### Dataset content
__________________________________________________
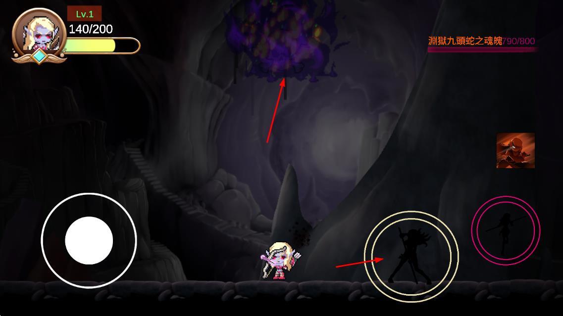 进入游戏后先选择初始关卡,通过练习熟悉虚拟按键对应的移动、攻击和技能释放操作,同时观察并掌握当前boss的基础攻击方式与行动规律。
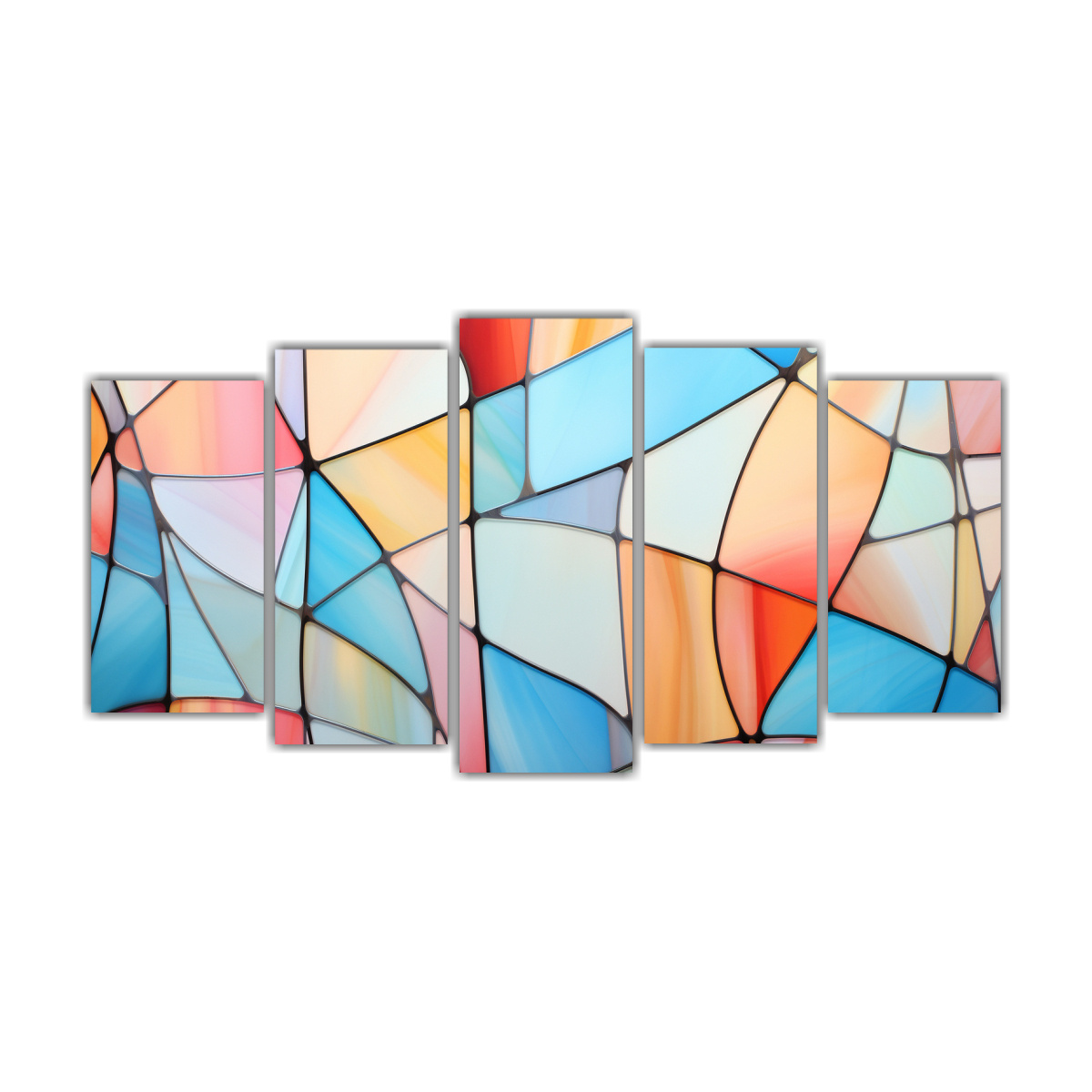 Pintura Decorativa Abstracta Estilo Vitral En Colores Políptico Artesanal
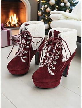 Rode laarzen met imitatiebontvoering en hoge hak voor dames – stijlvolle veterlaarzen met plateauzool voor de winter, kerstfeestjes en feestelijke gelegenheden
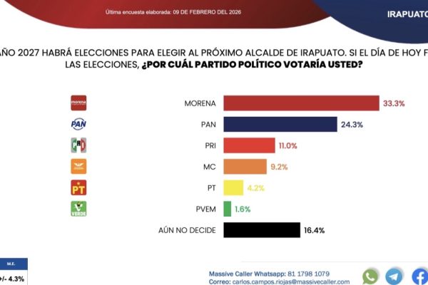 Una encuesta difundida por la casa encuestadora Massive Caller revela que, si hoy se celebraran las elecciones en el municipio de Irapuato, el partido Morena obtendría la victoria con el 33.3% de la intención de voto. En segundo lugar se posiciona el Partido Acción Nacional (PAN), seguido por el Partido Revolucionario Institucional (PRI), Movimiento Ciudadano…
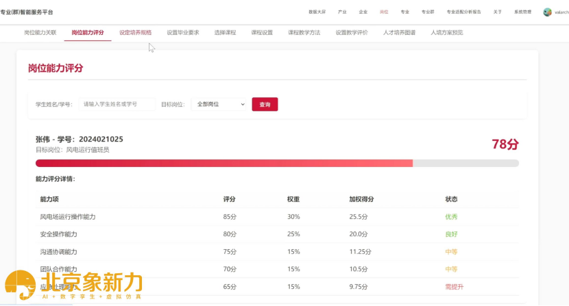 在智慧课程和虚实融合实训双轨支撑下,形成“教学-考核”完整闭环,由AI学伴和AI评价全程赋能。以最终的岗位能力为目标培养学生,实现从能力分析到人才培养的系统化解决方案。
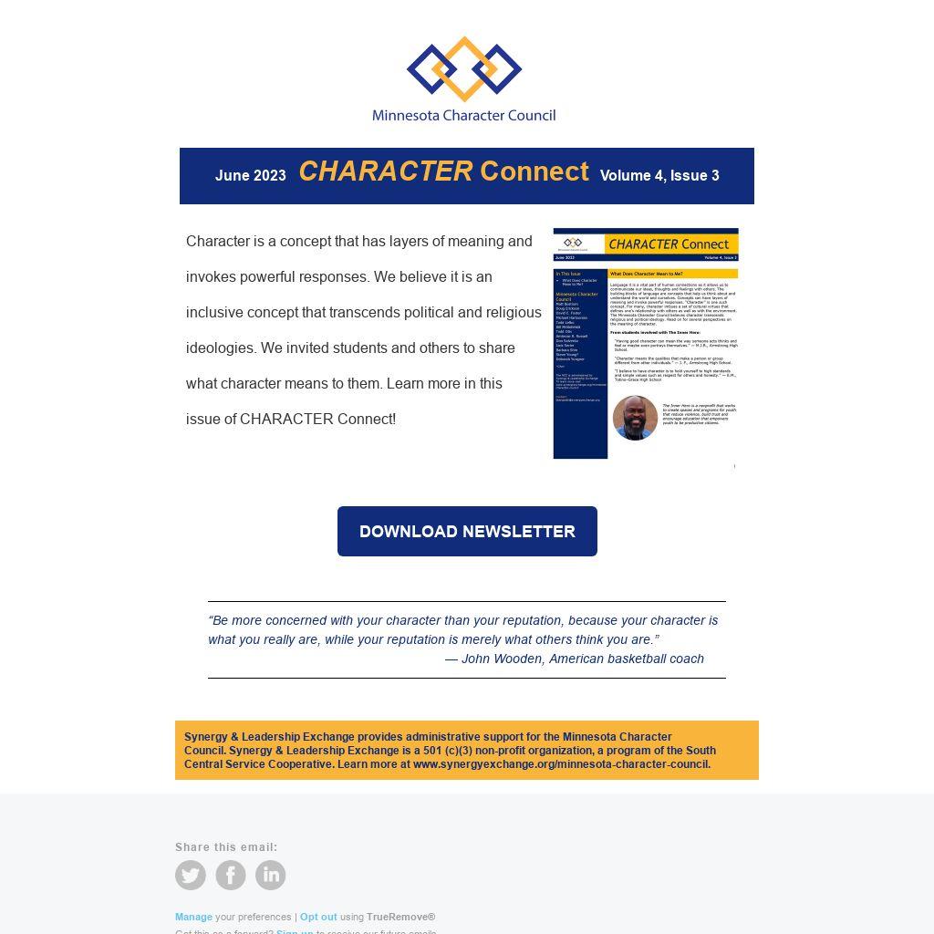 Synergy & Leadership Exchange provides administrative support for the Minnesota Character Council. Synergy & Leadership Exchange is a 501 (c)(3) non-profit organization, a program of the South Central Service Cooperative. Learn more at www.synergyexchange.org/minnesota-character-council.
__________________________________________________
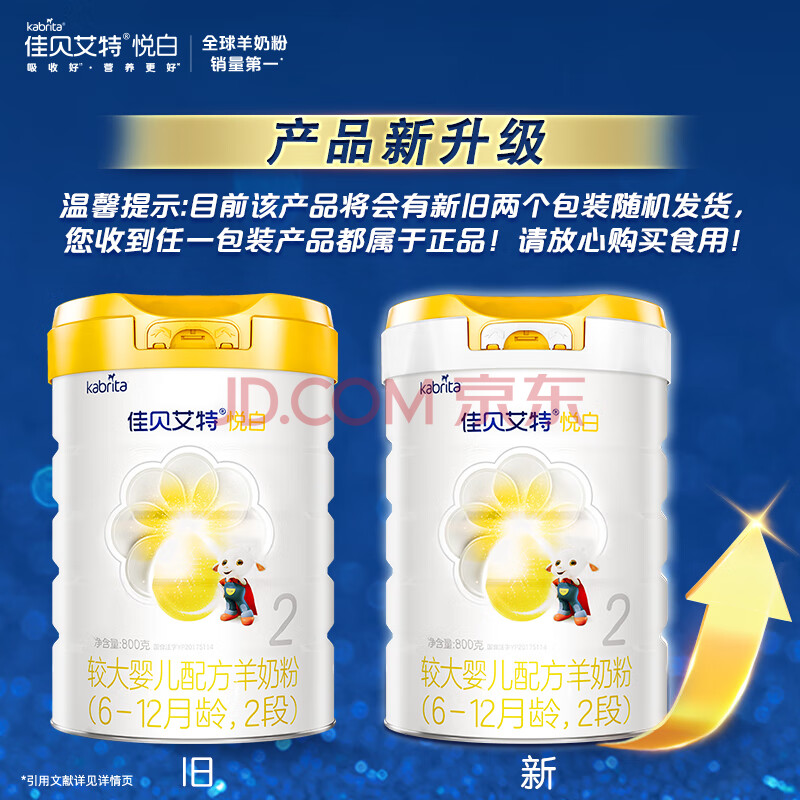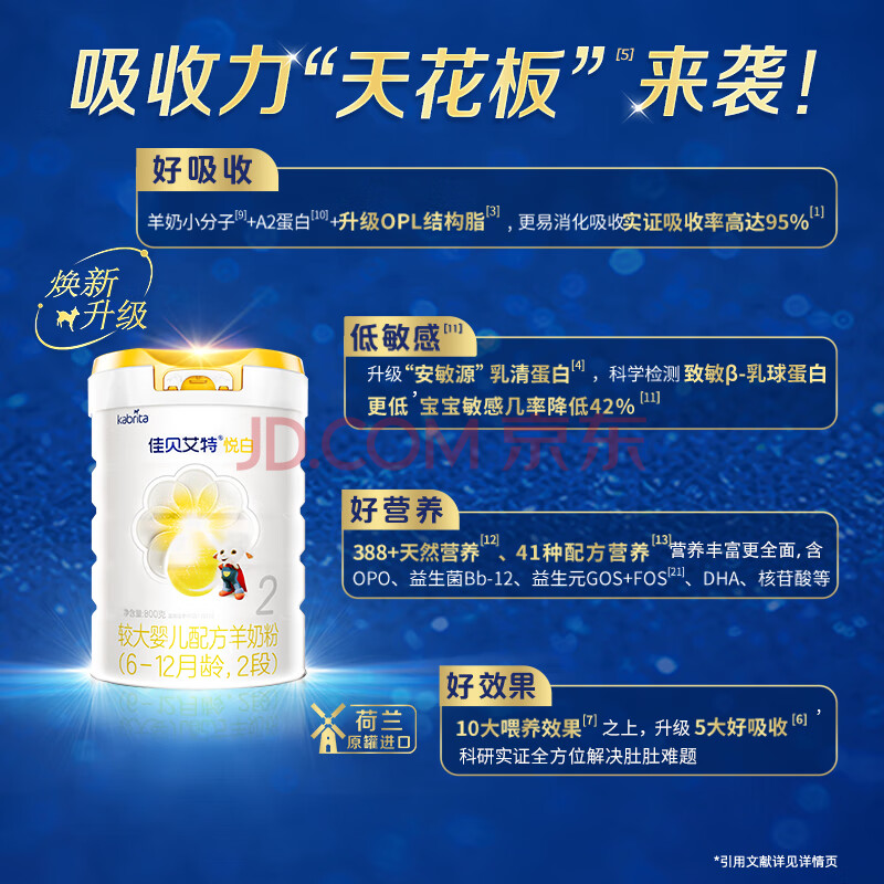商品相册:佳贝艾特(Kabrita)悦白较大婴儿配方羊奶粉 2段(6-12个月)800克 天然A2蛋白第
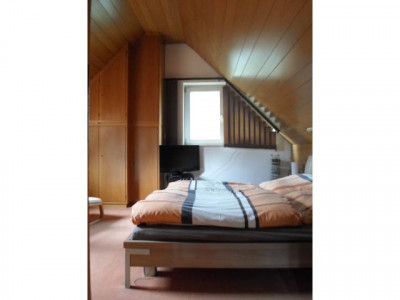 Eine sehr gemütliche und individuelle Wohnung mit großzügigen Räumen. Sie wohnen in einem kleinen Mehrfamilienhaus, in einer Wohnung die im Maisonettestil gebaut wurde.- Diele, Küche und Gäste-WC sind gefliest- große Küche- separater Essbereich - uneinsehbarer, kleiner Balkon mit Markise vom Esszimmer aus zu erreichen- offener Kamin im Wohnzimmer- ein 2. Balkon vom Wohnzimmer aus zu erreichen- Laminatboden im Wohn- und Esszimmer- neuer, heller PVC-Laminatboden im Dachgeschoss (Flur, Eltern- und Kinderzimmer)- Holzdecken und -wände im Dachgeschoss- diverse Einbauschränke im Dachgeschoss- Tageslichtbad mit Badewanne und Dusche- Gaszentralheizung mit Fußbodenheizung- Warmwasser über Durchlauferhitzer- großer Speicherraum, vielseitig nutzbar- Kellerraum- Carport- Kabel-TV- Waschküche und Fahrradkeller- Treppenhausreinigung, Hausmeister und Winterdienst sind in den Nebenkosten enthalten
__________________________________________________
### The problem
In the records above, find the line with "Rode laarzen met" and the line with "Synergy & Leadership Exchange provides"; please transcribe exactly those two lines and all lines between them, omitting any picture.

### Result of this exercise
 Rode laarzen met imitatiebontvoering en hoge hak voor dames – stijlvolle veterlaarzen met plateauzool voor de winter, kerstfeestjes en feestelijke gelegenheden
 Una encuesta difundida por la casa encuestadora Massive Caller revela que, si hoy se celebraran las elecciones en el municipio de Irapuato, el partido Morena obtendría la victoria con el 33.3% de la intención de voto. En segundo lugar se posiciona el Partido Acción Nacional (PAN), seguido por el Partido Revolucionario Institucional (PRI), Movimiento Ciudadano…
 在智慧课程和虚实融合实训双轨支撑下,形成“教学-考核”完整闭环,由AI学伴和AI评价全程赋能。以最终的岗位能力为目标培养学生,实现从能力分析到人才培养的系统化解决方案。
 Synergy & Leadership Exchange provides administrative support for the Minnesota Character Council. Synergy & Leadership Exchange is a 501 (c)(3) non-profit organization, a program of the South Central Service Cooperative. Learn more at www.synergyexchange.org/minnesota-character-council.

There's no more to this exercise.